[EXERCISE] From first line to last, transcribe the listing exactly and skip any image.

(SUPPLIED MATERIAL Opens)

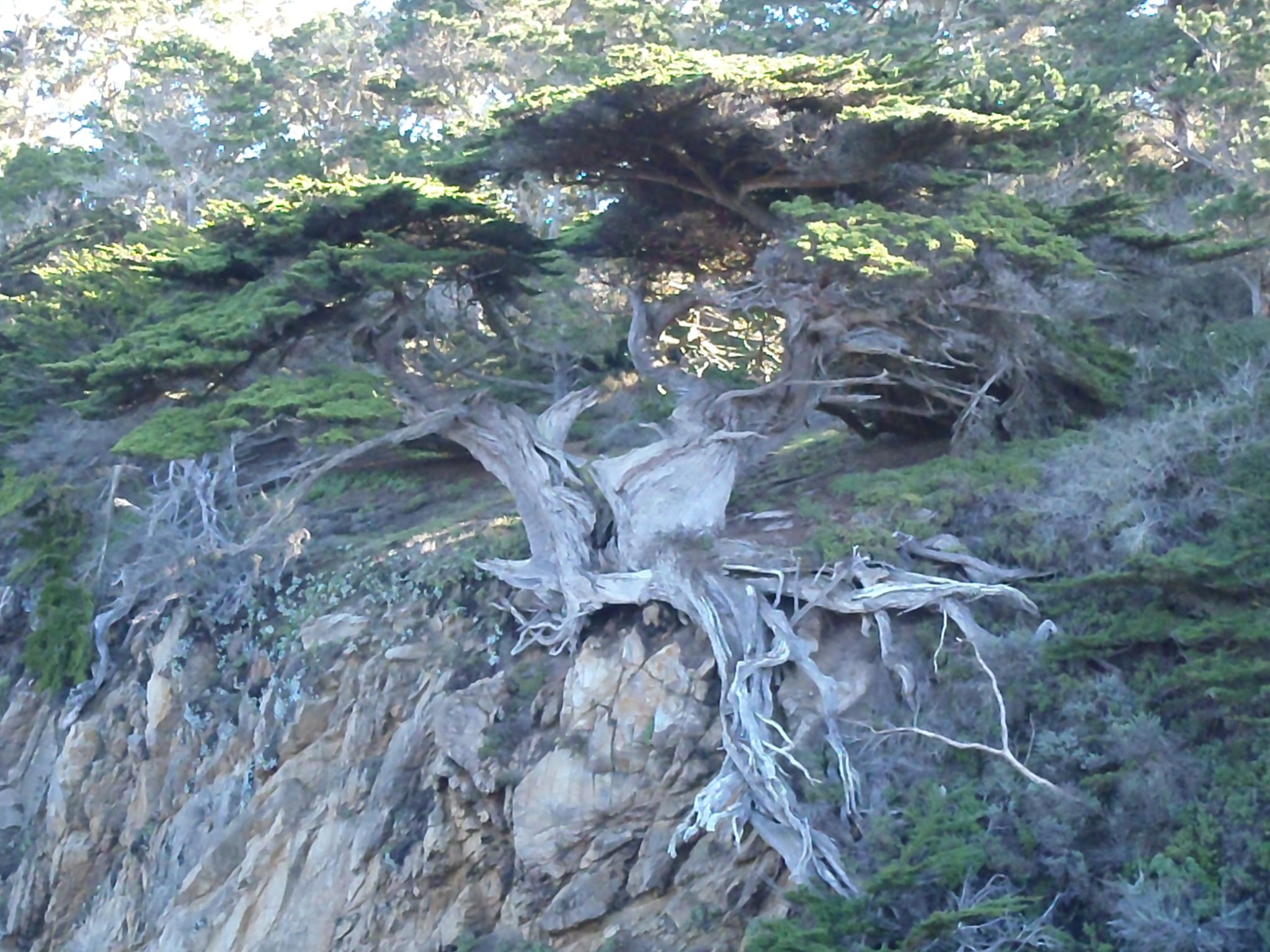 The spray of ocean saltwater and ceaseless buffeting by winds gnarl cypress trees along the shoreline and some appear as forest characters.
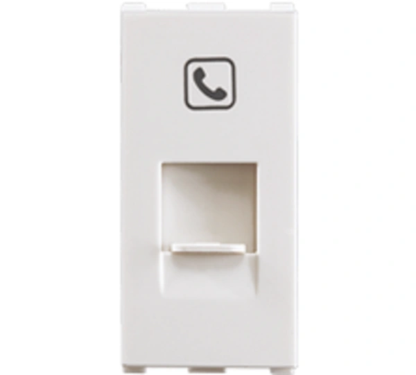 The Panasonic Europa RJ11 Telephone Socket White from the Europa Modular Series by Panasonic Life Solutions India Pvt. Ltd. is a high-quality modular outlet designed for landline and intercom connectivity. It combines precise engineering, superior materials, and a sleek appearance to ensure both performance and aesthetics.
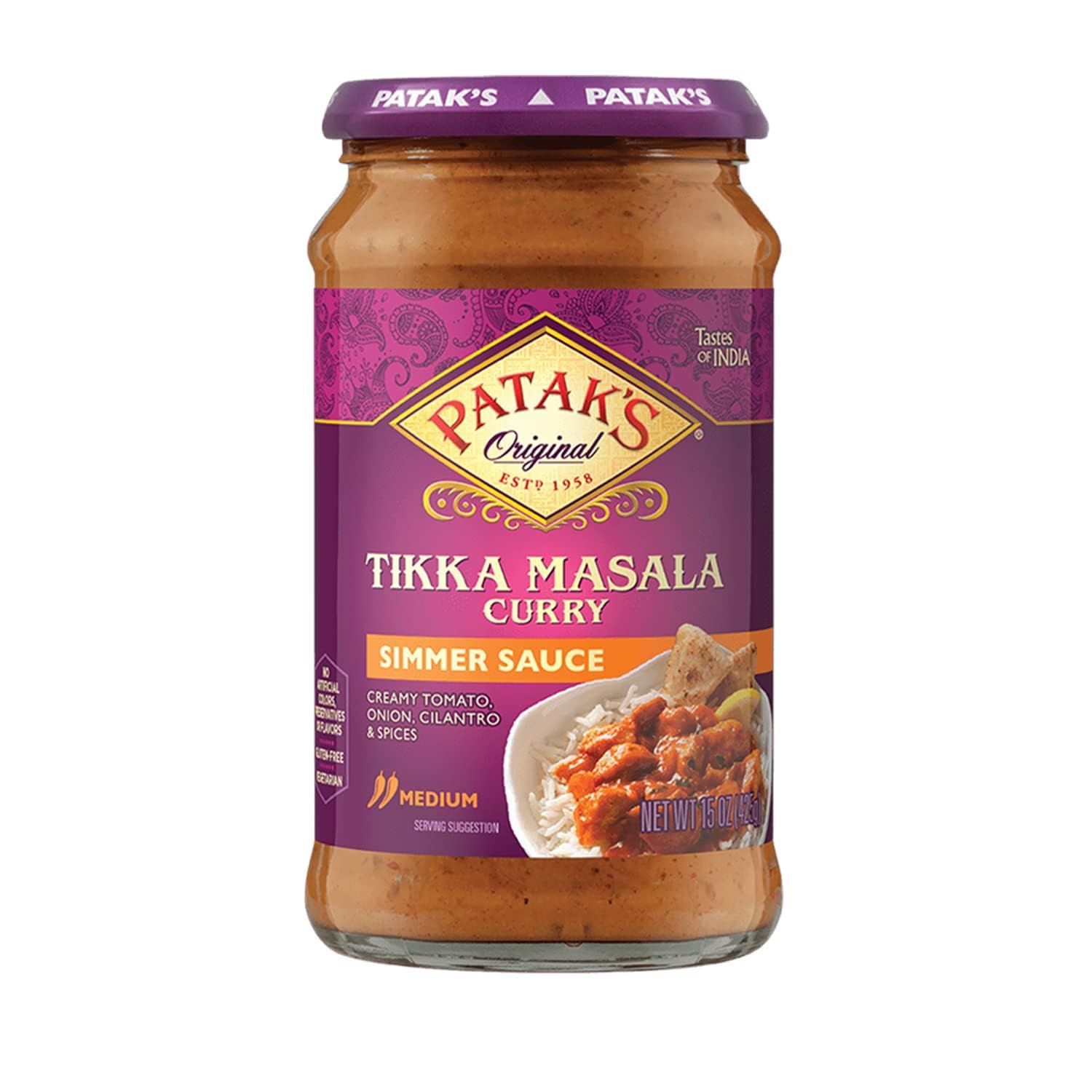 Patak's Tikka Masala Simmer Sauce - 15 Oz (Pack of 3) – With Creamy Tomato, Onion, Cilantro, and Spices, No Artificial Flavors, Gluten Free, Vegetarian Friendly. A medium tomato, yogurt and cream-based sauce with an aromatic blend of mixed spices inspired by delicious northern Indian cuisine Since 1958, our goal has been to provide you with truly authentic Indian flavors that are both easy to make and deliciously enjoyed. Using recipes passed down for three generations, Patak’s lets you enjoy traditional Indian dishes right at your dinner table, any day of the week This sauce has a complex spice blend to bring your authentic curry dish together in just a few minutes. Simply add 1 jar Patak's Tikka Masala Simmer Sauce to 1 lb seared chicken or protein of choice and simmer for 20 minutes. Enjoy with basmati rice or naan. For a veggie option, try with paneer and a handful of fresh veggies. Serves up to 6 No Artificial Flavors, Gluten Free, Vegetarian Friendly
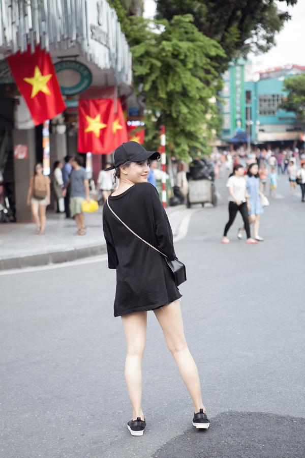 Cô bạn này mix đồ theo xu hướng áo giấu quần, mũ lưỡi trai cổ điển và toàn bộ cùng

(SUPPLIED MATERIAL Closes)

[YOUR RESPONSE]
 The spray of ocean saltwater and ceaseless buffeting by winds gnarl cypress trees along the shoreline and some appear as forest characters.
 The Panasonic Europa RJ11 Telephone Socket White from the Europa Modular Series by Panasonic Life Solutions India Pvt. Ltd. is a high-quality modular outlet designed for landline and intercom connectivity. It combines precise engineering, superior materials, and a sleek appearance to ensure both performance and aesthetics.
 Patak's Tikka Masala Simmer Sauce - 15 Oz (Pack of 3) – With Creamy Tomato, Onion, Cilantro, and Spices, No Artificial Flavors, Gluten Free, Vegetarian Friendly. A medium tomato, yogurt and cream-based sauce with an aromatic blend of mixed spices inspired by delicious northern Indian cuisine Since 1958, our goal has been to provide you with truly authentic Indian flavors that are both easy to make and deliciously enjoyed. Using recipes passed down for three generations, Patak’s lets you enjoy traditional Indian dishes right at your dinner table, any day of the week This sauce has a complex spice blend to bring your authentic curry dish together in just a few minutes. Simply add 1 jar Patak's Tikka Masala Simmer Sauce to 1 lb seared chicken or protein of choice and simmer for 20 minutes. Enjoy with basmati rice or naan. For a veggie option, try with paneer and a handful of fresh veggies. Serves up to 6 No Artificial Flavors, Gluten Free, Vegetarian Friendly
 Cô bạn này mix đồ theo xu hướng áo giấu quần, mũ lưỡi trai cổ điển và toàn bộ cùng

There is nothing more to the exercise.